Wednesday, February 17, 2010

Google search

Google search is a web search engine owned by Google Inc. and is the most-used search engine on the Web. Google receives several hundred million queries each day through its various services. Google search was originally developed by Larry Page and Sergey Brin in 1997.

Google Search provides more than 22 special features beyond the original word-search capability. These include synonyms, weather forecasts, time zones, stock quotes, maps, earthquake data, movie showtimes, airports, home listings, and sports scores. (see below: Special features). There are special features for numbers including prices, temperatures, money/unit conversions ("10.5 cm in inches"), calculations ( 3*4+sqrt(6)-pi/2 ), package tracking, patents, area codes, and rudimentary language translation of displayed pages.

A Google search-results page is ordered by a priority rank called a "PageRank" which is kept secret to prevent spammers from forcing their pages to the top. Google Search provides many options for customized search (see below: Search options), such as: exclusion ("-xx"), inclusion ("+xx"), alternatives ("xx OR yy"), and wildcard ("x * x").

The search engine

Google's algorithm uses a patented system called PageRank to help rank web pages that match a given search string. The PageRank algorithm computes a recursive score for web pages, based on the weighted sum of the PageRanks of the pages linking to them. The PageRank derives from human-generated links, and is thought to correlate well with human concepts of importance. The exact percentage of the total of web pages that Google indexes is not known, as it is very hard to actually calculate. Previous keyword-based methods of ranking search results, used by many search engines that were once more popular than Google, would rank pages by how often the search terms occurred in the page, or how strongly associated the search terms were within each resulting page. In addition to PageRank, Google also uses other secret criteria for determining the ranking of pages on result lists, reported to be over 200 different indicators.

Search results

Google not only indexes and caches web pages but also takes "snapshots" of other file types, which include PDF, Word documents, Excel spreadsheets, Flash SWF, plain text files, and so on. Except in the case of text and SWF files, the cached version is a conversion to (X)HTML, allowing those without the corresponding viewer application to read the file.

Users can customize the search engine, by setting a default language, using the "SafeSearch" filtering technology and set the number of results shown on each page. Google has been criticized for placing long-term cookies on users' machines to store these preferences, a tactic which also enables them to track a user's search terms and retain the data for more than a year. For any query, up to the first 1000 results can be shown with a maximum of 100 displayed per page.

indexable data

Despite its immense index, there is also a considerable amount of data available in online databases which are accessible by means of queries but not by links. This so-called invisible or deep Web is minimally covered by Google and other search engines. The deep Web contains library catalogs, official legislative documents of governments, phone books, and other content which is dynamically prepared to respond to a query.

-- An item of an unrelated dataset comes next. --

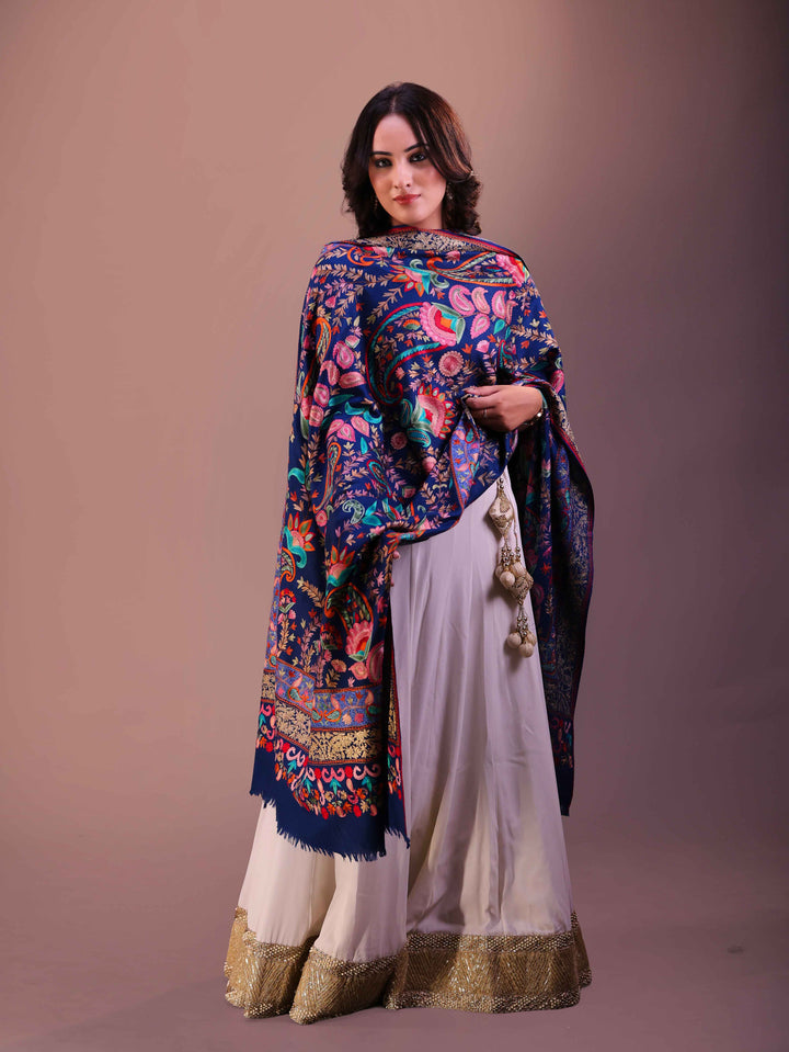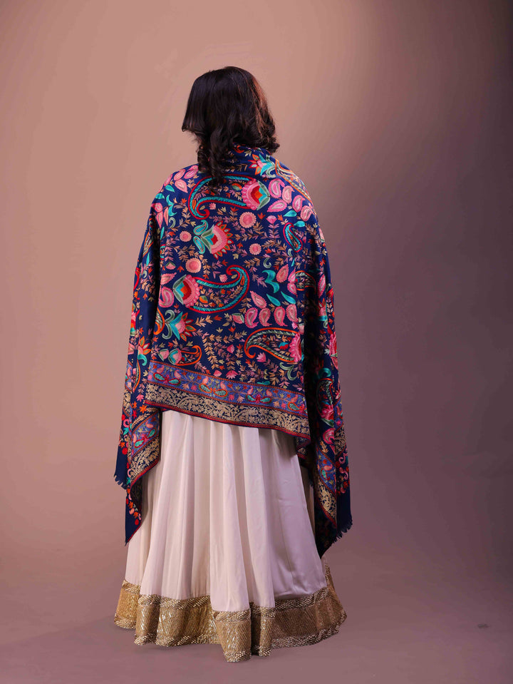 Fine Wool Big Paisley Embroidery Shawl

Privacy in some countries forbids the showing of some links. For instance in Switzerland every private person can force Google Inc. to delete a link, which contains its name.

Google optimization

Since Google is the most popular search engine, many webmasters have become eager to influence their website's Google rankings. An industry of consultants has arisen to help websites increase their rankings on Google and on other search engines. This field, called search engine optimization, attempts to discern patterns in search engine listings, and then develop a methodology for improving rankings to draw more searchers to their client's sites.

Search engine optimization encompasses both "on page" factors (like body copy, title elements, H1 heading elements and image alt attribute values) and Off Page Optimization factors (like anchor text and PageRank). The general idea is to affect Google's relevance algorithm by incorporating the keywords being targeted in various places "on page", in particular the title element and the body copy (note: the higher up in the page, presumably the better its keyword prominence and thus the ranking). Too many occurrences of the keyword, however, cause the page to look suspect to Google's spam checking algorithms.

Google has published guidelines for website owners who would like to raise their rankings when using legitimate optimization consultants.